Data excerpts:
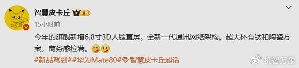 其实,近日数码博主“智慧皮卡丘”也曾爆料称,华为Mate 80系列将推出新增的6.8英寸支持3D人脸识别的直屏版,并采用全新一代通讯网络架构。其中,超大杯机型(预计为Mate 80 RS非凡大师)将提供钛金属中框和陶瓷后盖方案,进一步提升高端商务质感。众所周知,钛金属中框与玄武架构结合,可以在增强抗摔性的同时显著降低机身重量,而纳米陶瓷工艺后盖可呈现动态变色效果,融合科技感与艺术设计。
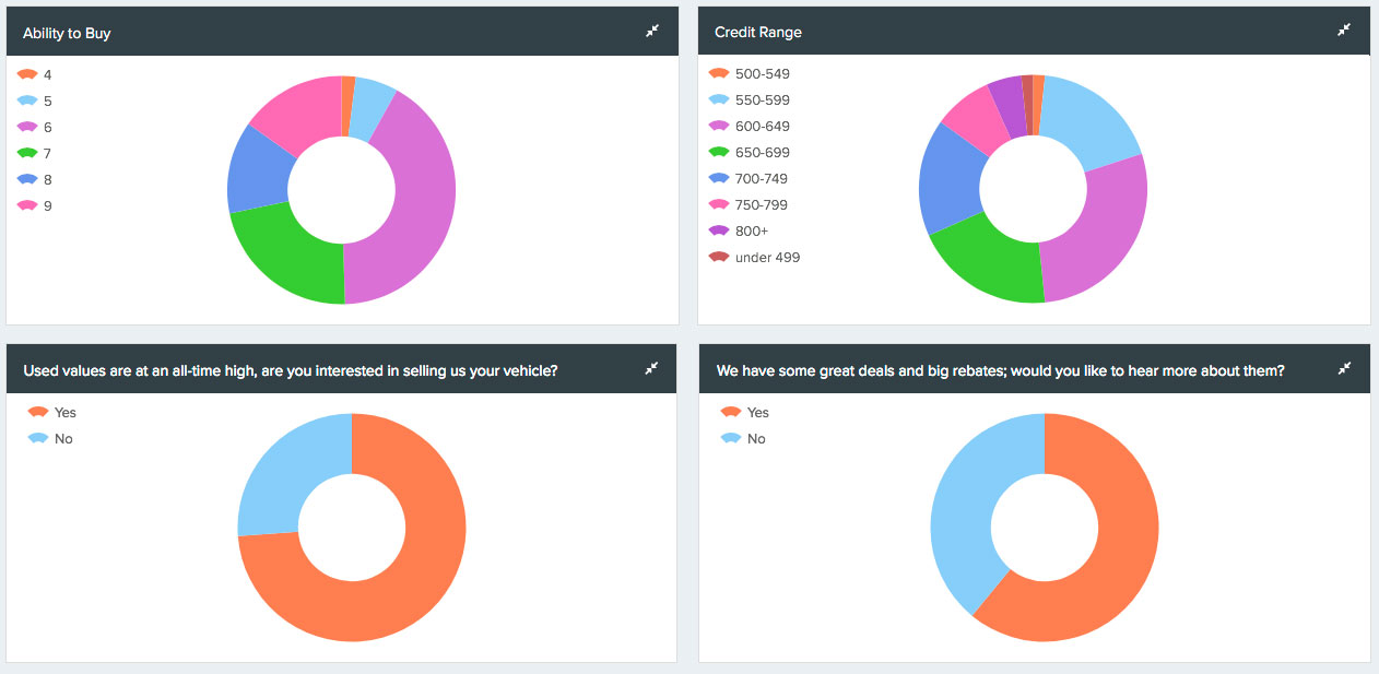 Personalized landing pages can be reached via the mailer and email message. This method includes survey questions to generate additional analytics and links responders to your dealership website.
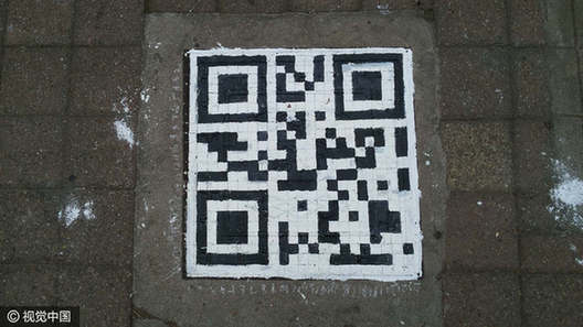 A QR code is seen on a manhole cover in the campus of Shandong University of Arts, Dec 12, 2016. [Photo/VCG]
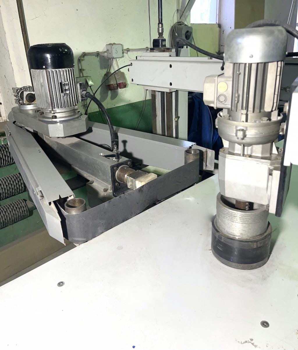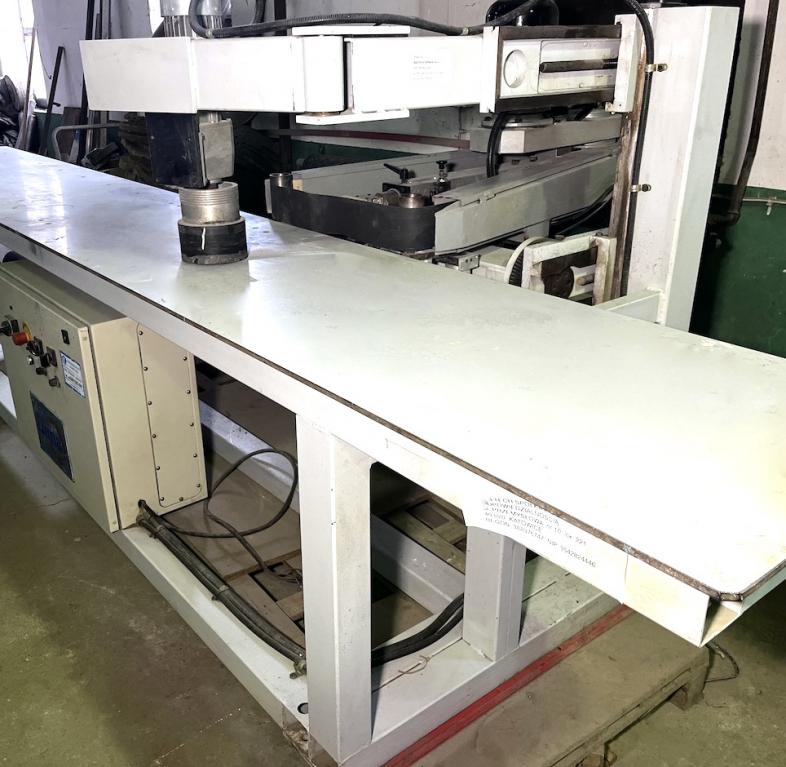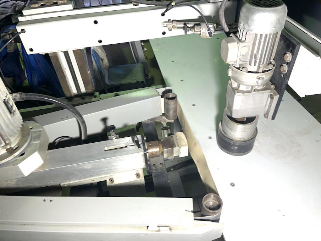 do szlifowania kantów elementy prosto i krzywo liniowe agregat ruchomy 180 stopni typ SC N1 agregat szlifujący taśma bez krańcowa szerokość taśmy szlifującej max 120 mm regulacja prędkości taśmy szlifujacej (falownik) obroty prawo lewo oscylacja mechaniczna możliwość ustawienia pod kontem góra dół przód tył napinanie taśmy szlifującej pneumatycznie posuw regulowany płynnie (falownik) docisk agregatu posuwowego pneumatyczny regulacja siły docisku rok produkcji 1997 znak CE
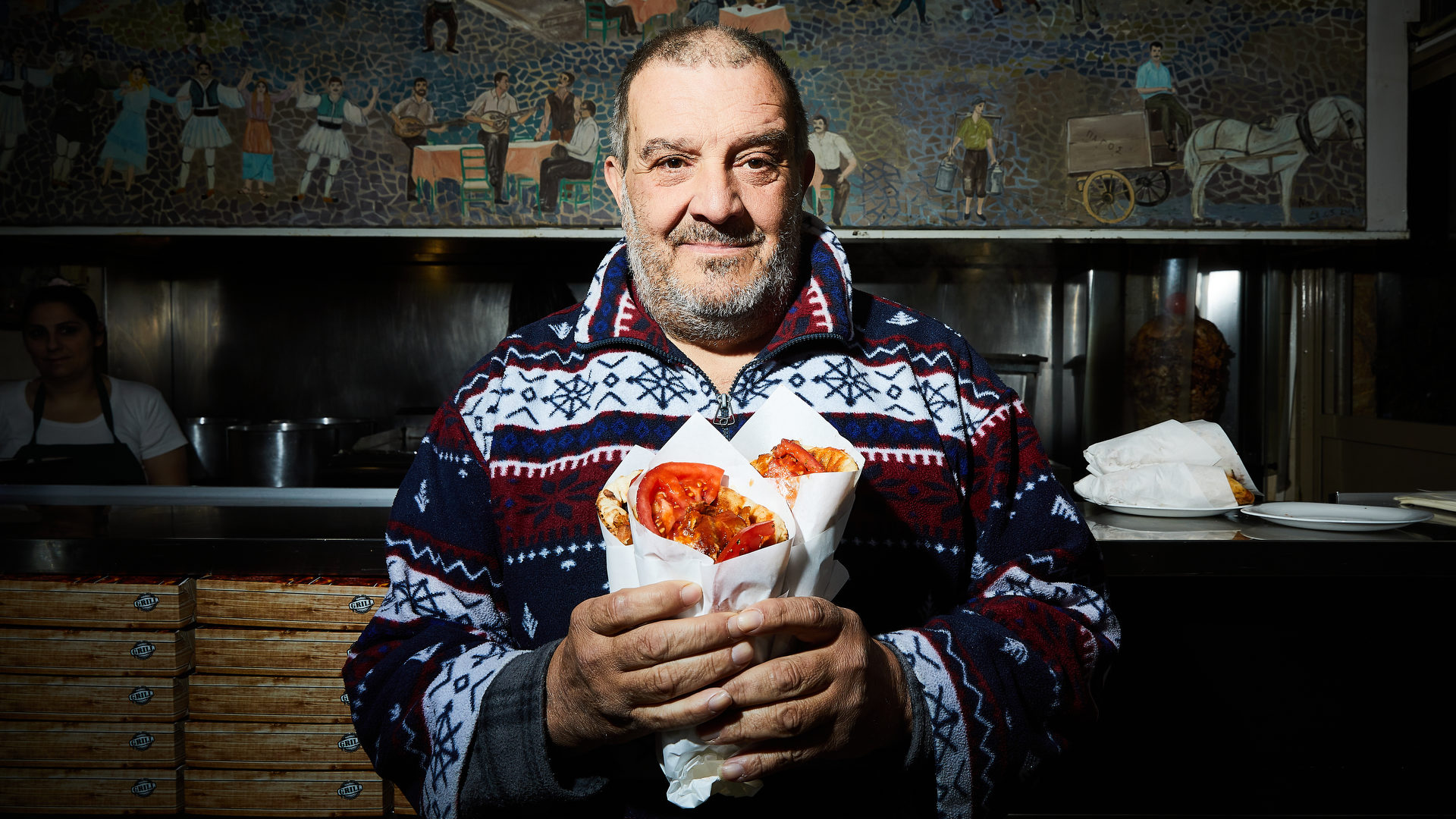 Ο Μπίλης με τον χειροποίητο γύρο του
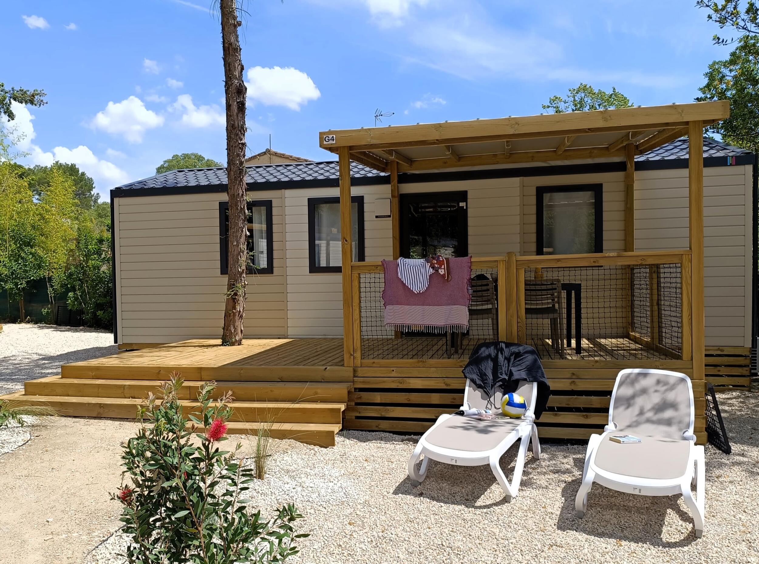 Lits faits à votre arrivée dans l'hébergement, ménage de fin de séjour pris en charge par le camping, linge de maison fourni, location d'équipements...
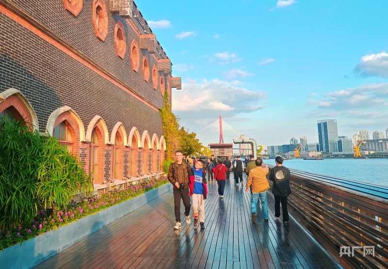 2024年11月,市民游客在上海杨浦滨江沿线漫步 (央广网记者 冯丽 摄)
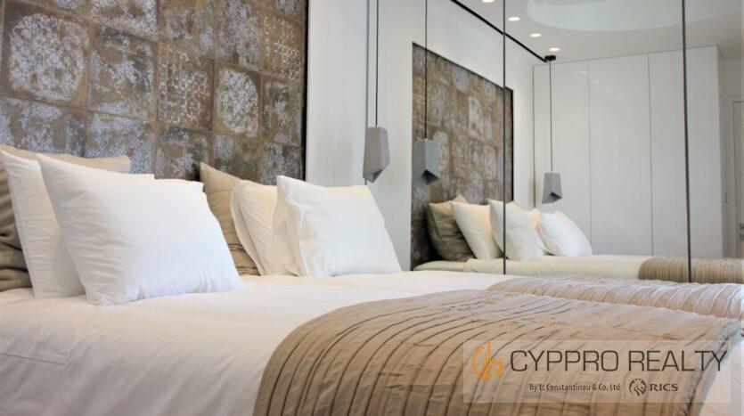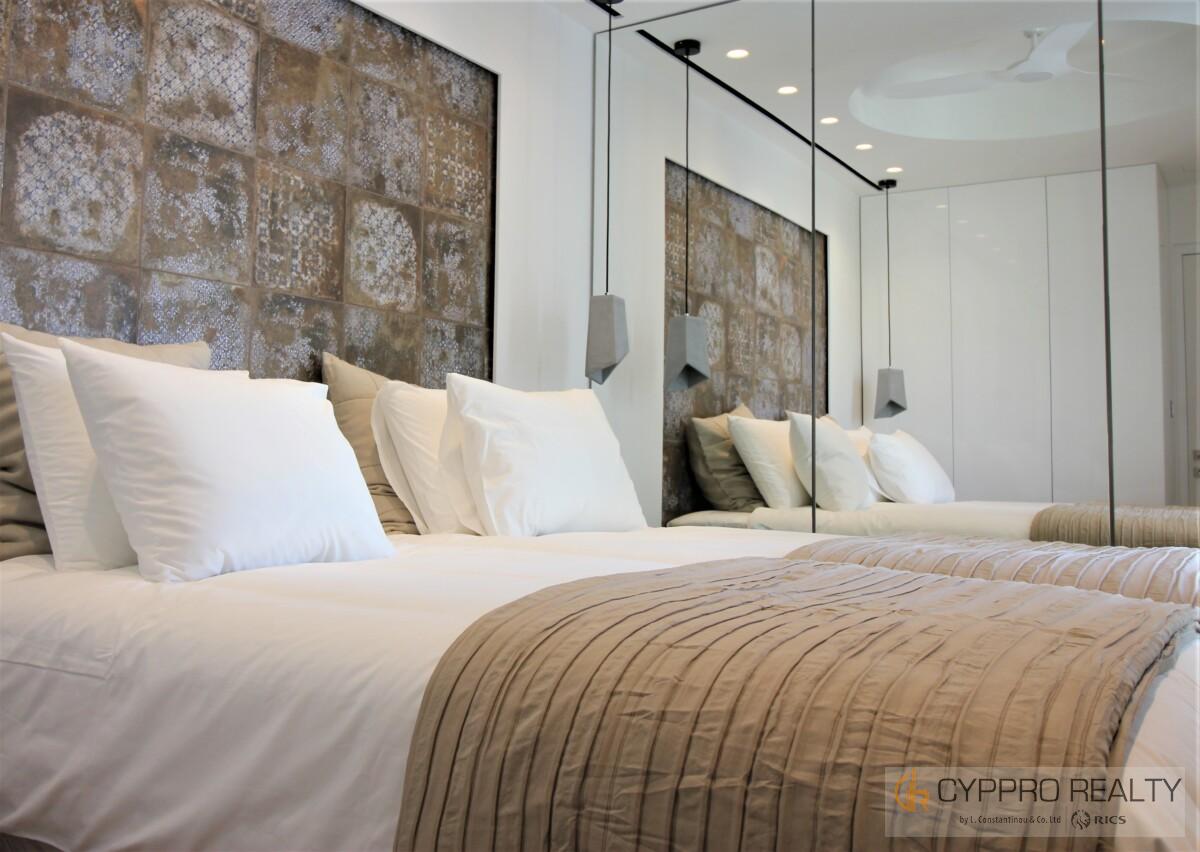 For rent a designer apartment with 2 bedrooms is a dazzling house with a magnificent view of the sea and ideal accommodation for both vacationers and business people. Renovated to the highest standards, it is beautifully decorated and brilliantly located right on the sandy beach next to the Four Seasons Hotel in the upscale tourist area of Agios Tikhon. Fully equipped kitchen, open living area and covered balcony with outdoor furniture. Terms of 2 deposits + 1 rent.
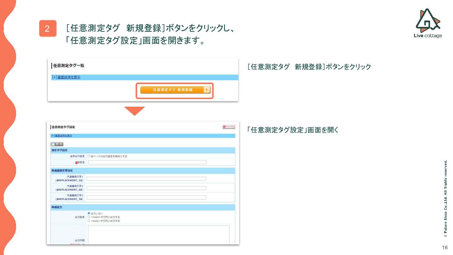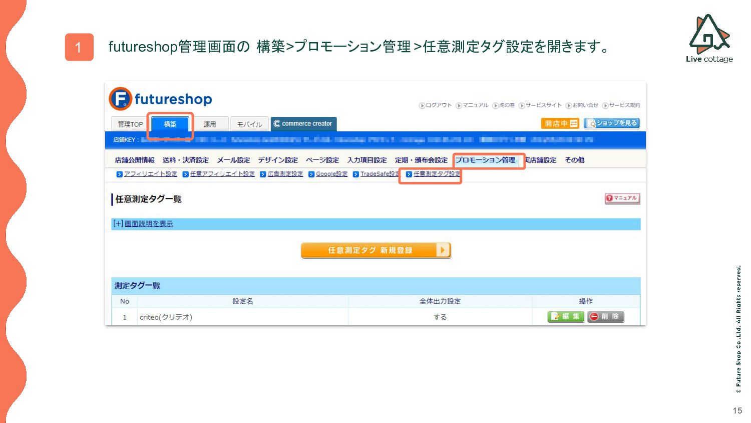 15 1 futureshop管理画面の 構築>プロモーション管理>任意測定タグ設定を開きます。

Task statement:
Reproduce the listing exactly, but omit every picture in it.

Answer to this task:
 其实,近日数码博主“智慧皮卡丘”也曾爆料称,华为Mate 80系列将推出新增的6.8英寸支持3D人脸识别的直屏版,并采用全新一代通讯网络架构。其中,超大杯机型(预计为Mate 80 RS非凡大师)将提供钛金属中框和陶瓷后盖方案,进一步提升高端商务质感。众所周知,钛金属中框与玄武架构结合,可以在增强抗摔性的同时显著降低机身重量,而纳米陶瓷工艺后盖可呈现动态变色效果,融合科技感与艺术设计。
 Personalized landing pages can be reached via the mailer and email message. This method includes survey questions to generate additional analytics and links responders to your dealership website.
 A QR code is seen on a manhole cover in the campus of Shandong University of Arts, Dec 12, 2016. [Photo/VCG]
 do szlifowania kantów elementy prosto i krzywo liniowe agregat ruchomy 180 stopni typ SC N1 agregat szlifujący taśma bez krańcowa szerokość taśmy szlifującej max 120 mm regulacja prędkości taśmy szlifujacej (falownik) obroty prawo lewo oscylacja mechaniczna możliwość ustawienia pod kontem góra dół przód tył napinanie taśmy szlifującej pneumatycznie posuw regulowany płynnie (falownik) docisk agregatu posuwowego pneumatyczny regulacja siły docisku rok produkcji 1997 znak CE
 Ο Μπίλης με τον χειροποίητο γύρο του
 Lits faits à votre arrivée dans l'hébergement, ménage de fin de séjour pris en charge par le camping, linge de maison fourni, location d'équipements...
 2024年11月,市民游客在上海杨浦滨江沿线漫步 (央广网记者 冯丽 摄)
 For rent a designer apartment with 2 bedrooms is a dazzling house with a magnificent view of the sea and ideal accommodation for both vacationers and business people. Renovated to the highest standards, it is beautifully decorated and brilliantly located right on the sandy beach next to the Four Seasons Hotel in the upscale tourist area of Agios Tikhon. Fully equipped kitchen, open living area and covered balcony with outdoor furniture. Terms of 2 deposits + 1 rent.
 15 1 futureshop管理画面の 構築>プロモーション管理>任意測定タグ設定を開きます。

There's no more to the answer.